Xerox ReBrand
It’s great when huge companies make big brand changes. It gives brand designers a chance to see how big business view themselves in their current market place, it gives an indicator as to where the company sees itself going, and best of all you get to bear witness to the often hugely polarized online opinion, (which is always a great excuse to wade into a forum and lambaste a junior).
Xerox are the latest corporate behemoth to change face, casting aside the hard edged uppercase typeface of yesteryear in favour of a more huggable, smooth-edged, lowercase typeface of the moment. Even the famous pixel formed X icon has been shown the door, replaced by an abstract “X-Ball”, which I can’t help feel sits uncomfortably close to the Xbox 360 logo. The strong red remains however, being joined, we’re promised, by a variety of other brand colours across all media.
The rebrand seems to be well timed. I know little about the company, but thanks to some surprisingly straight-talking press releases from those involved it seems that it’s the right time for Xerox to update their image. Richard Wergan, vice president of their worldwide brand division states:
“Xerox is still perceived incorrectly as a copier company. We do not make copiers.”
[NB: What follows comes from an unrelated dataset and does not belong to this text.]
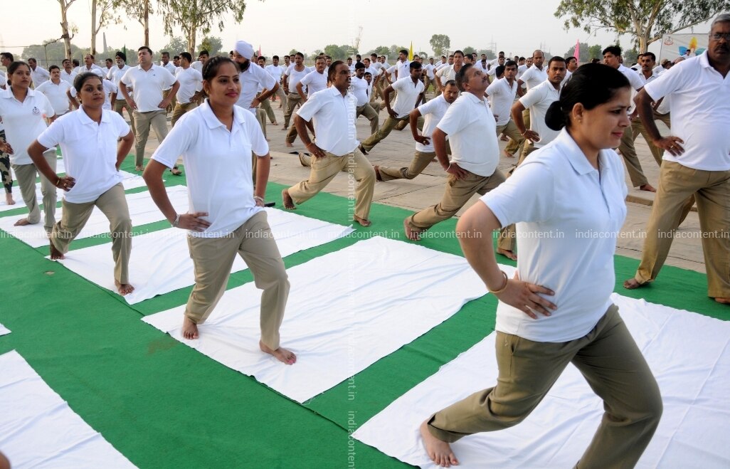 Amritsar BSF personnel practice yoga 'asanas' postures on the Fourth International Yoga Day in Amritsar on June 21 2018. Photo IANS
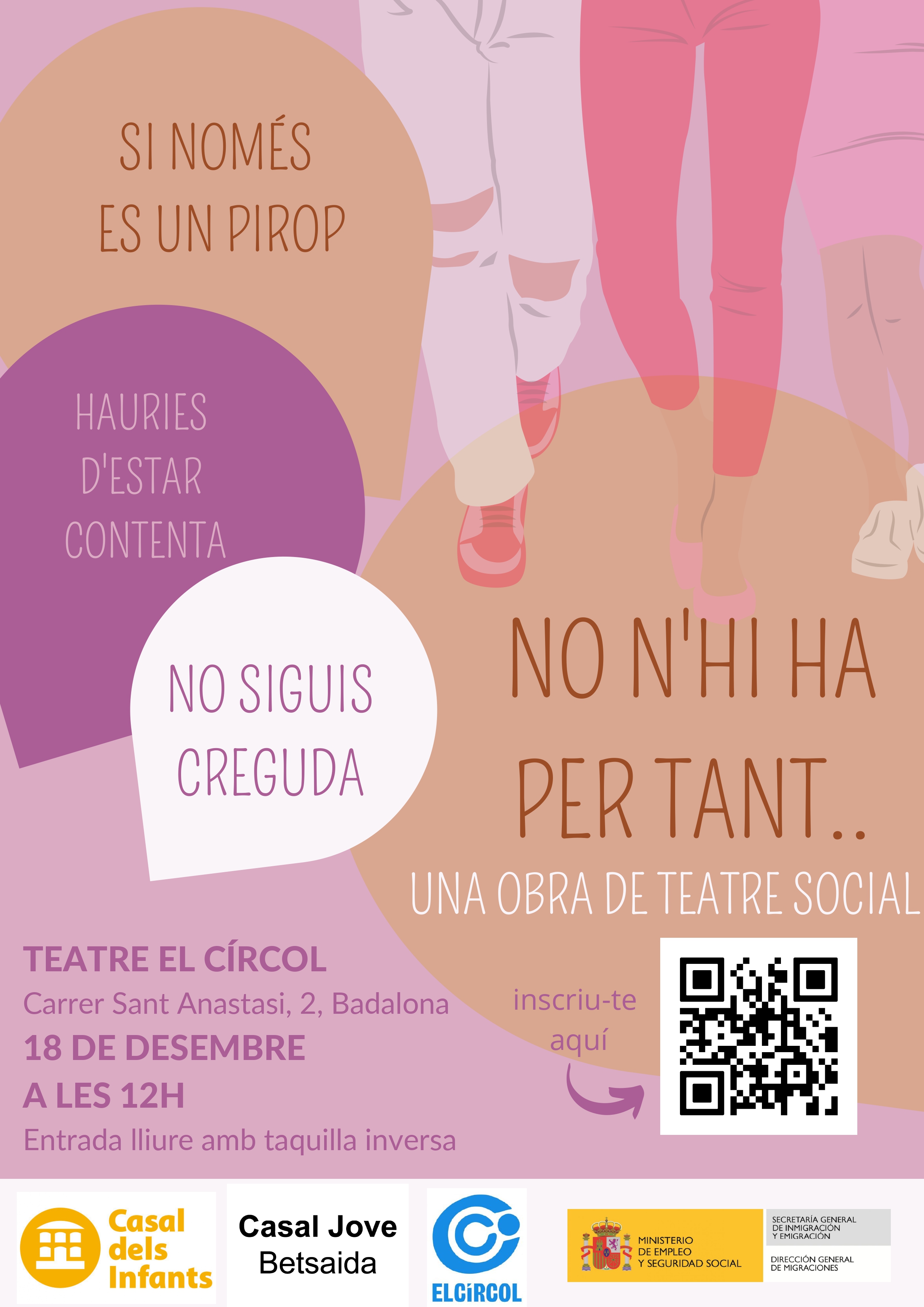 Tampoco es para tanto és una obra de teatre fòrum creada i representada per participants del Casal Jove la Betsaida del Casal dels Infants de Badalona. El guió el van treballar les noies del grup de teatre, a partir de situacions de violències masclistes que havien viscut en el seu dia a dia. Com tota obra de teatre fòrum, el públic té l’oportunitat d’intervenir, refer escenes i canviar el final de l’obra, que ja es va representar l’any passat en la programació de l’últim 8 de març del barri de Llefià, a la Parròquia de Sant Antoni de Pàdua. Enguany es representarà al teatre El Círcol el dissabte 18 de desembre a les 12 h. L’entrada és lliure amb inscripció prèvia (feu-la aquí) i amb taquilla inversa (l’espectador farà el donatiu que cregui adequat quan acabi la funció).

Fair play. The change appears to be more than skin deep too, with one of their analysts, Angele Boyd saying:
“They have made significant changes in the last several years. Packaging and branding have not kept pace,”
All sounds good, however the motives for the re-brand have to be questioned. Xerox has worked hard to recover from heavy debt and financial scandal, yet their share price has yet to reflect this. If the rebrand is genuinely part of a concerted effort by Xerox to show the world they have evolved, then the I think the brand will become a success, and perhaps as Iconic as the identity they’ve discarded. However if the new brand values are not carried through to the heart of the company, and their previously flawed business model corrected in step, then this latest re-brand may be the final multi-million dollar shot in the arm which finishes Xerox off.